L’IA est comme une tronçonneuse: un outil parmi tant d’autres qui nous aide à accomplir des tâches surhumaines. En soi, rien d’extraordinaire. Nous interagissons toutefois avec elle à un niveau qui est normalement réservé aux êtres humains. Les systèmes nous «parlent», donnant l’illusion de «comprendre» nos pensées. Il y a même des gens qui sont tombés amoureux d’un système d’IA. C’est pourquoi nous devons comprendre que ces systèmes sont conçus pour nous donner précisément cette illusion et apprendre à les gérer. En tant que scientifique et entrepreneur, la question suivante est pour moi déterminante: comment concevoir l’IA de manière à ce qu’elle ait un impact positif sans entraîner de conséquences négatives telles que des troubles psychologiques? Car cette technologie est encore à l’état brut, même si elle a déjà septante ans d’évolution derrière elle.
Pour conclure, revenons au système de santé. À quoi pourrait ressembler le système de santé du futur, imprégné d’IA?
Je ne pense pas que l’IA remplacera les humains dans le système de santé. Au contraire: les professionnels sont aujourd’hui surchargés parce qu’ils doivent effectuer des activités qui n’ont rien à voir avec leurs tâches principales. Si cette surcharge disparaissait, nous pourrions enfin nous concentrer davantage sur ces tâches principales qui nous satisfont et nous plaisent. Prenons l’exemple d’un cabinet médical: en tant que patient, je suis satisfait de ces 25 secondes passées à la réception, où l’AM me dit où m’asseoir et combien de temps cela va prendre.

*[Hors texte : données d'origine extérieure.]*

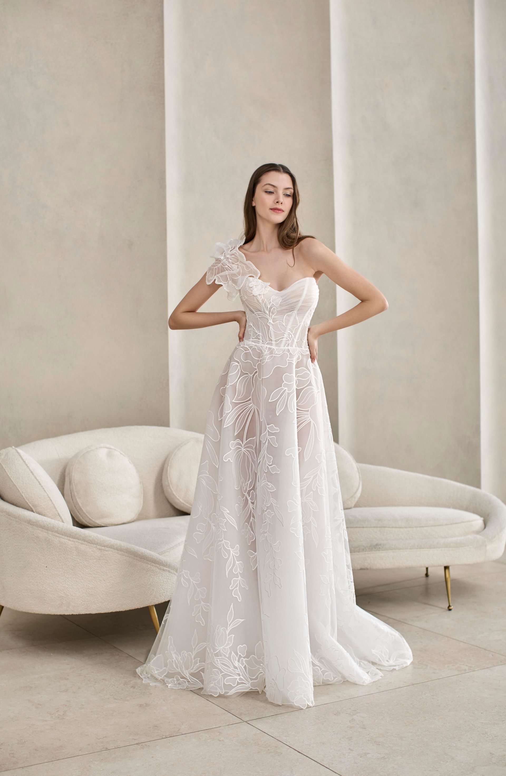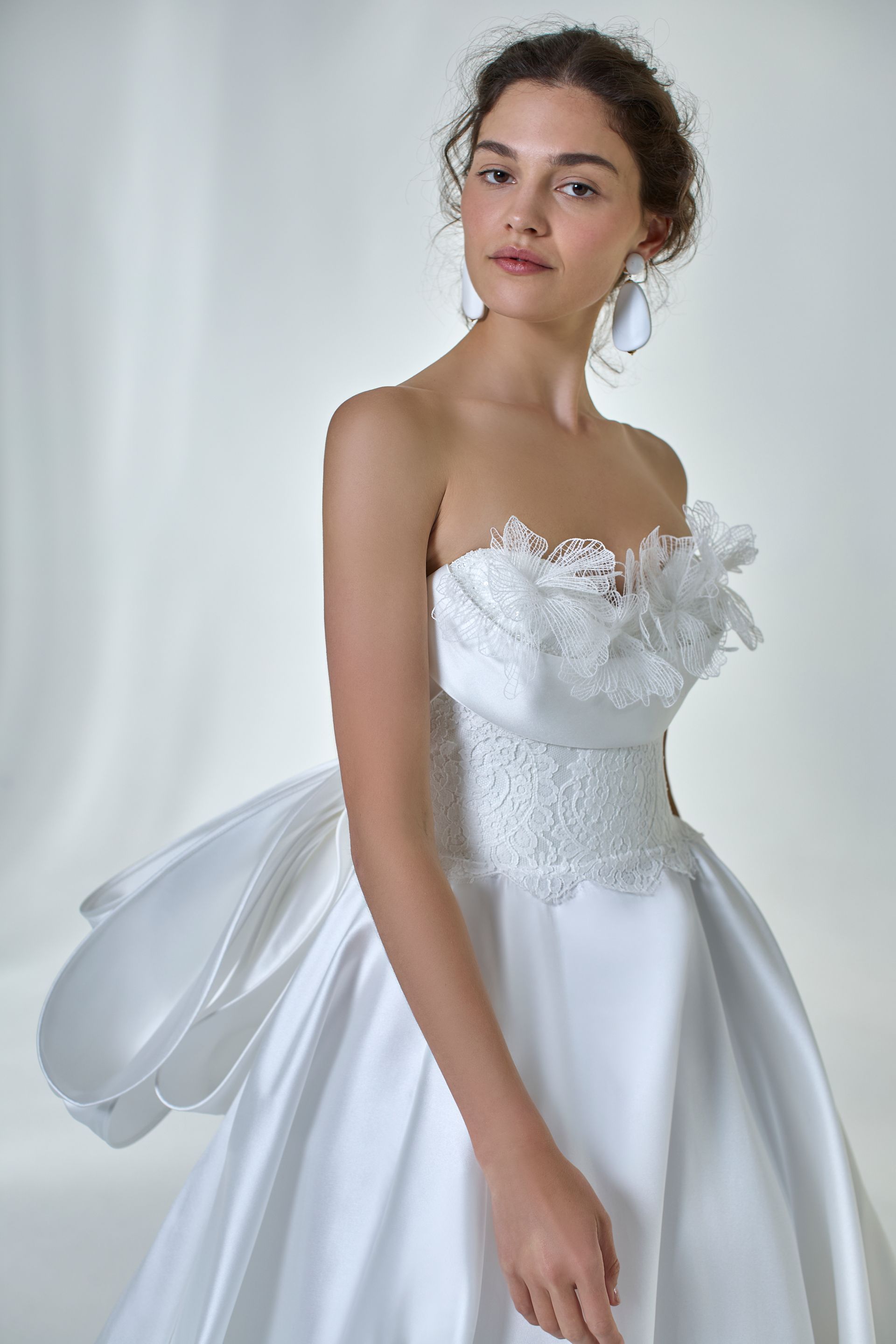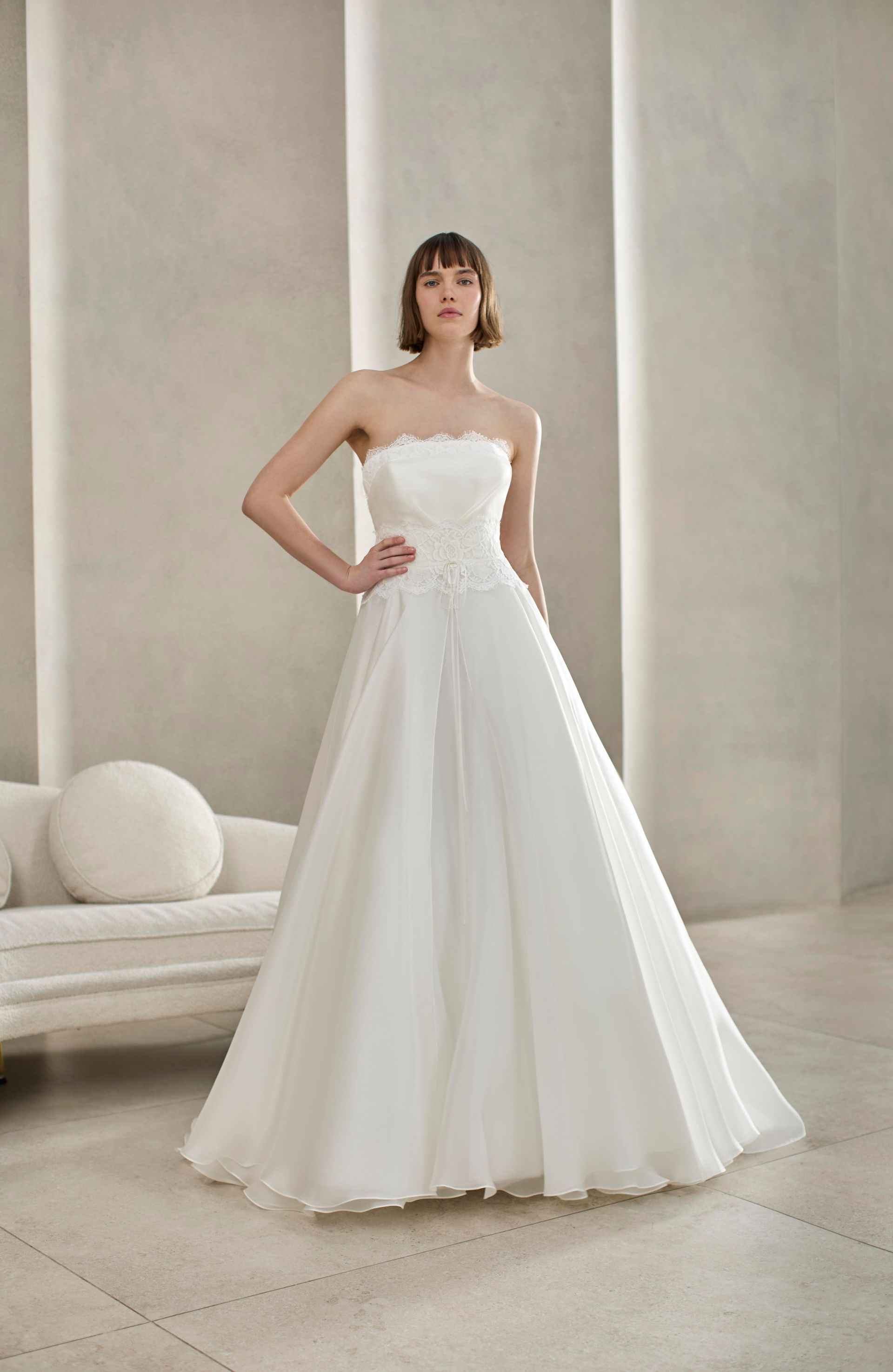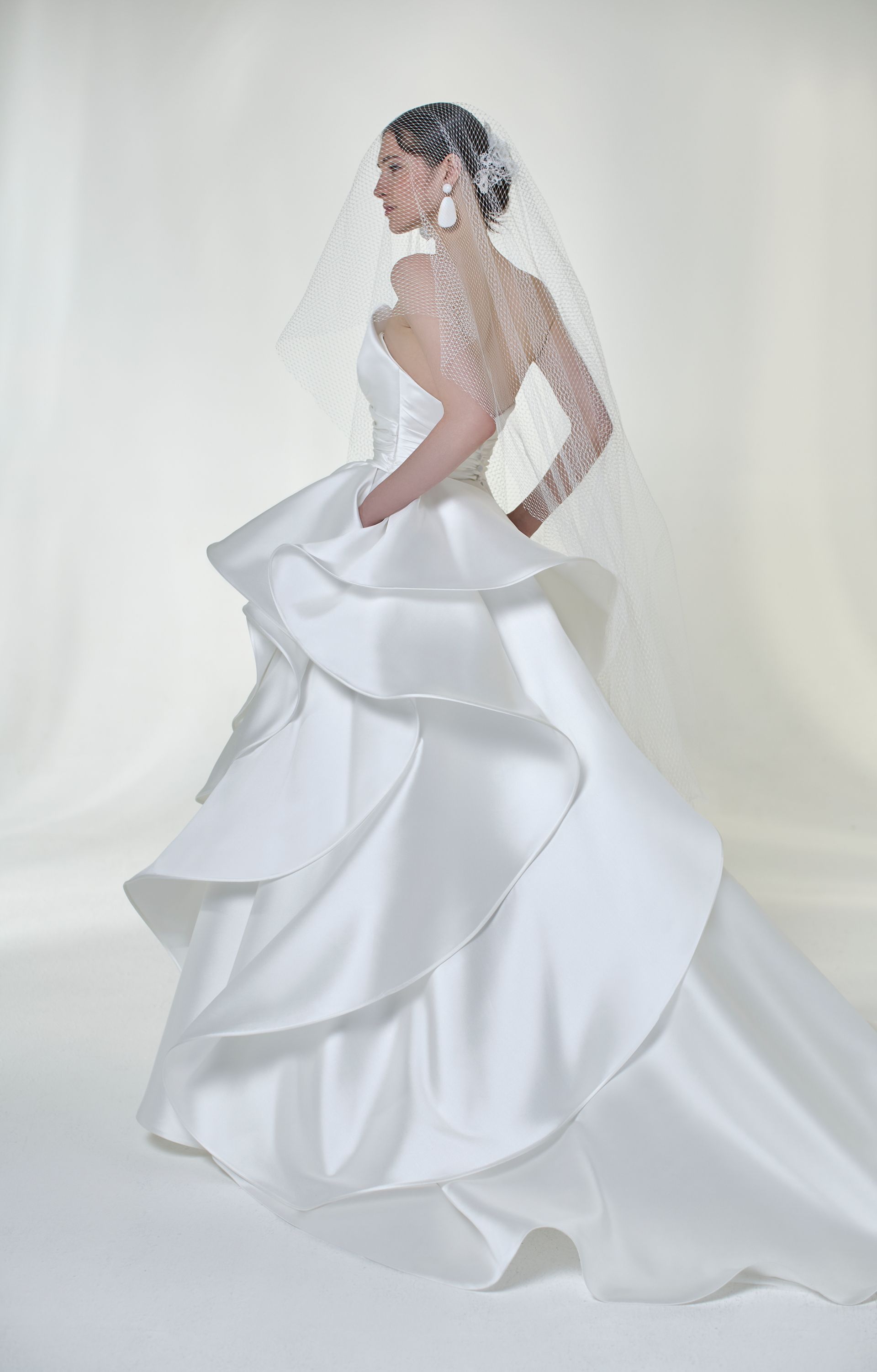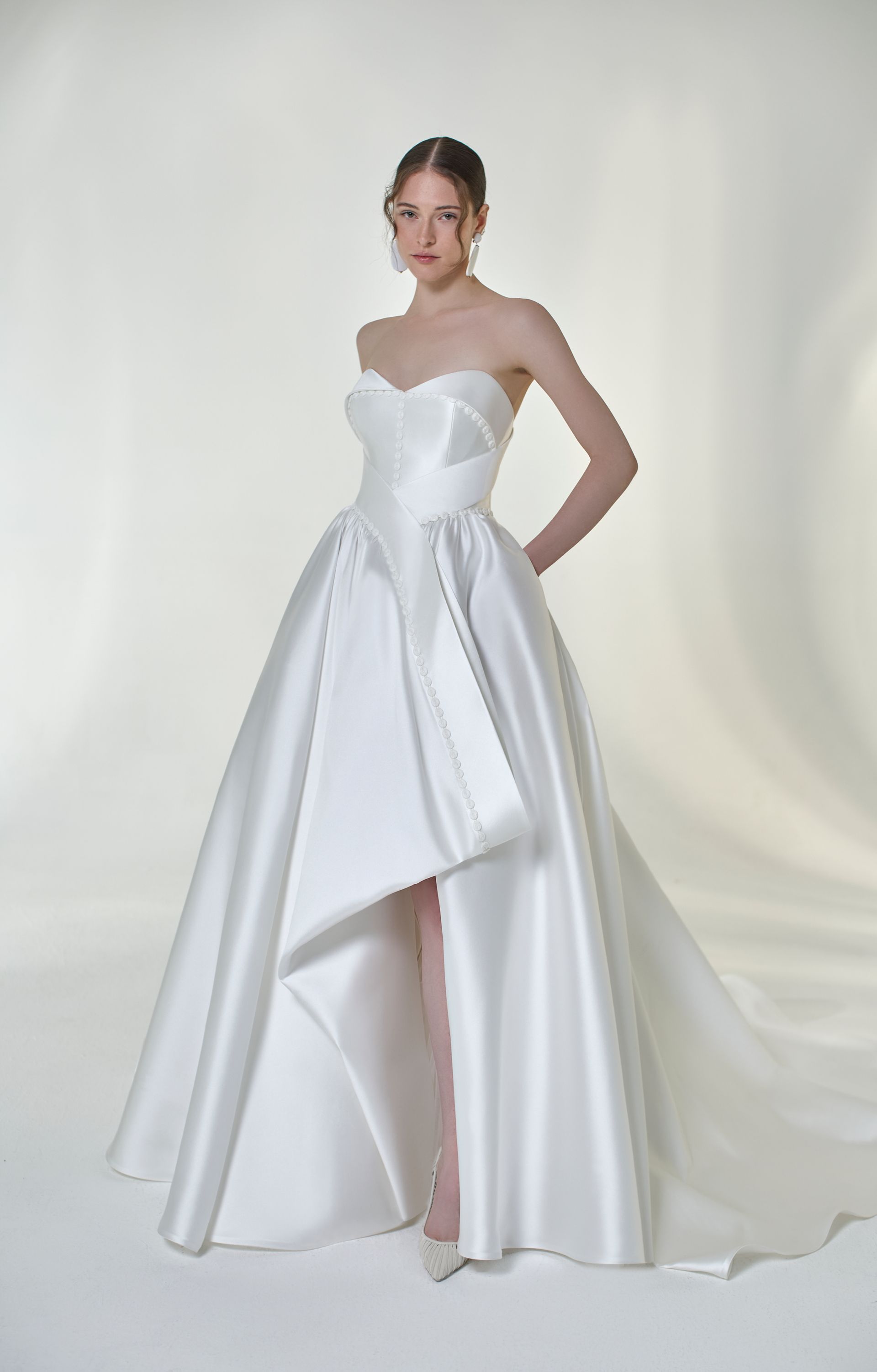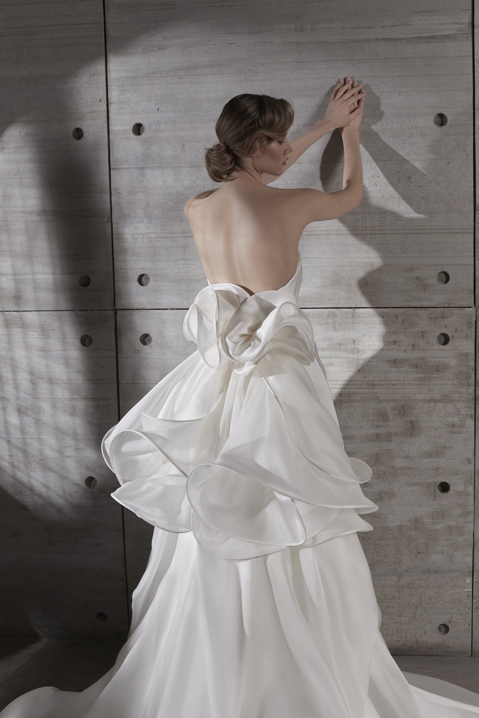 Trasparenze, plumetis, glitter, pizzi tridimensionali e a rete, fiori stilizzati e piccole farfalle rendono le creazioni haute couture della linea EP originalissime ed esclusive. La scelta accurata dei tessuti innovativi e l’impatto scenico di modelli estrosi, li rende indimenticabili e perfetti per una sposa dal carattere audace e grintoso.

Pour l’instant, cela ne peut durer que 25 secondes, car je dois encore scanner ma carte d’assurance-maladie et faire ceci et cela. L’IA ne rendra pas l’AM en chair et en os superflue, mais lui permettra de se concentrer à nouveau sur ce qui l’a poussée à choisir ce métier. Il en va de même pour les médecins. Peut-être y aura-t-il davantage de robots dans les blocs opératoires, capables d’effectuer sans relâche, même après 27 heures de travail, des sutures parfaites les unes après les autres avec une «main» qui ne tremble pas. Mais fondamentalement, cela ne devrait pas changer grand-chose. Si ce n’est que nous aurons à nouveau plus de temps à consacrer les uns aux autres.